╔══

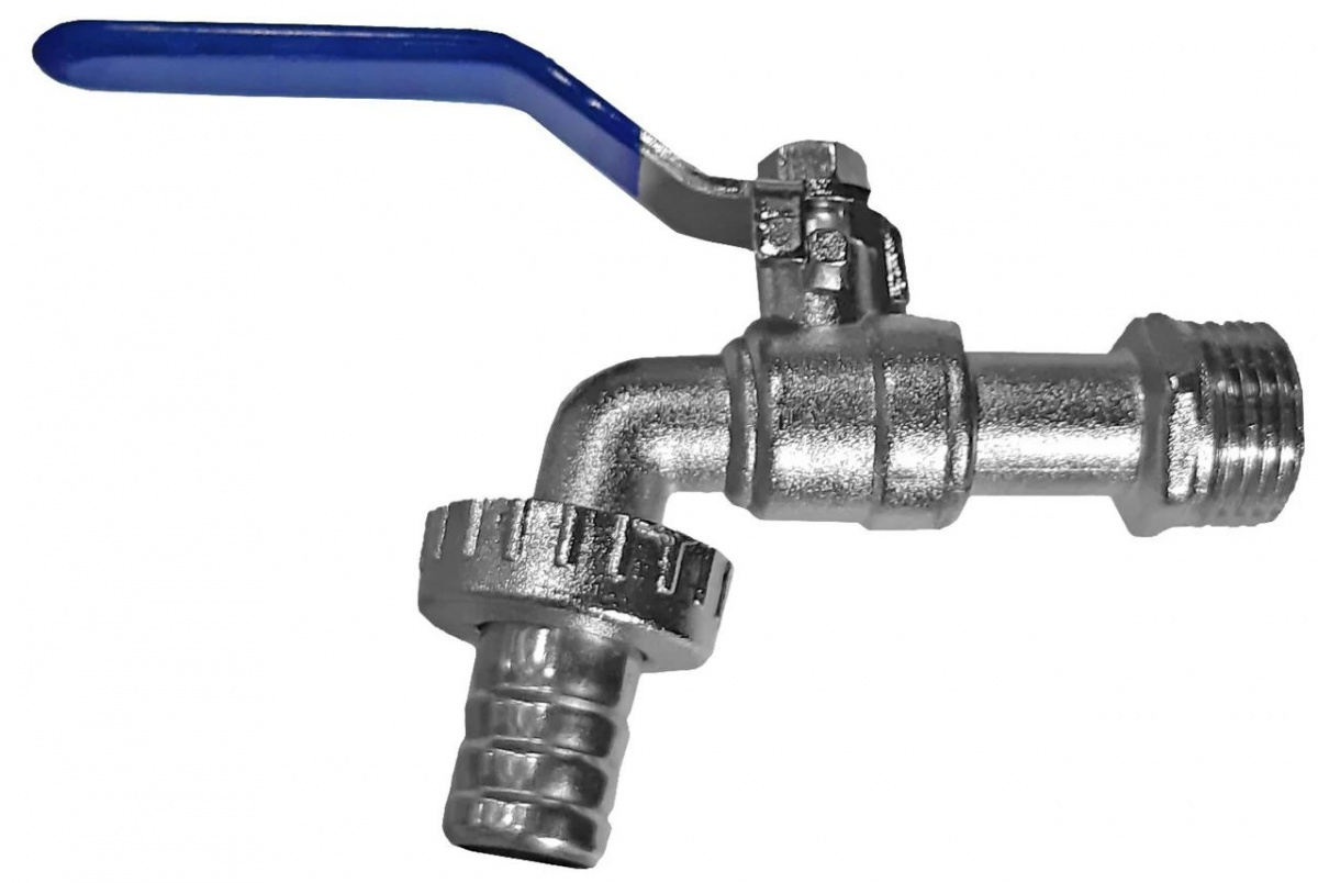 Предназначен для полного открытия или закрытия потока воды. Латунный никелированный кран, применяемый в качестве запорной арматуры на трубопроводах систем водоснабжения (в том числе питьевого) с рабочей температурой до 75 °С и давлением до 10 бар. Наличие съемного штуцера с накидной гайкой дает возможность производить его замену в зависимости от диаметра и материала применяемого шланга. Рассекатель обеспечивает формирование компактной струи на изливе.
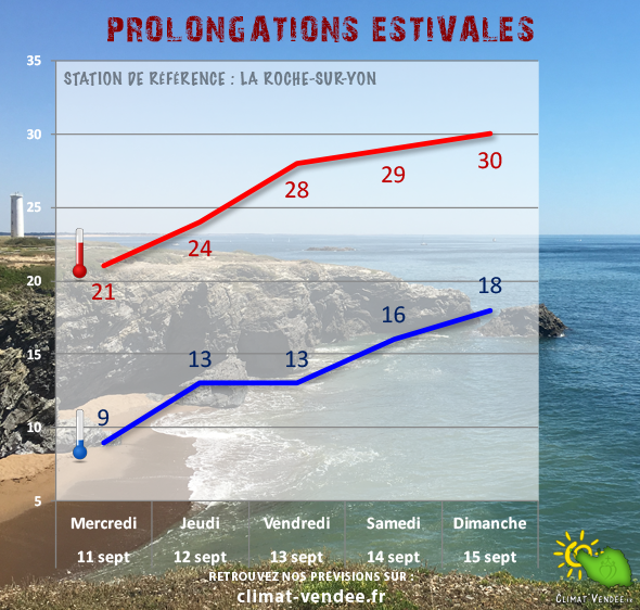 ☀️ PROLONGATIONS ESTIVALES ☀️ Nous n’avons pas encore totalement dit adieu aux fortes chaleurs. Si l’automne avance à grand pas, le mois de septembre peut encore nous réserver quelques belles périodes estivales. 😎 Actuellement, l’anticyclone FRIEDERIK évolue entre les Açores et la Bretagne. Celui-ci…
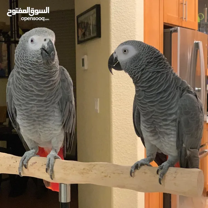 ببغاوات رمادية أفريقية مدربة منزلياً متوفرة وجاهزة للانتقال إلى منازلها الجديدة. إنها أليفة للغاية و

╚══

* [EXERCISE DIRECTIONS]
Retype exactly, and only, the lines from the one containing "la Bretagne. Celui-ci…" through the end of the material, leaving aside every picture.

* [RESULT OF THE EXERCISE]
 ☀️ PROLONGATIONS ESTIVALES ☀️ Nous n’avons pas encore totalement dit adieu aux fortes chaleurs. Si l’automne avance à grand pas, le mois de septembre peut encore nous réserver quelques belles périodes estivales. 😎 Actuellement, l’anticyclone FRIEDERIK évolue entre les Açores et la Bretagne. Celui-ci…
 ببغاوات رمادية أفريقية مدربة منزلياً متوفرة وجاهزة للانتقال إلى منازلها الجديدة. إنها أليفة للغاية و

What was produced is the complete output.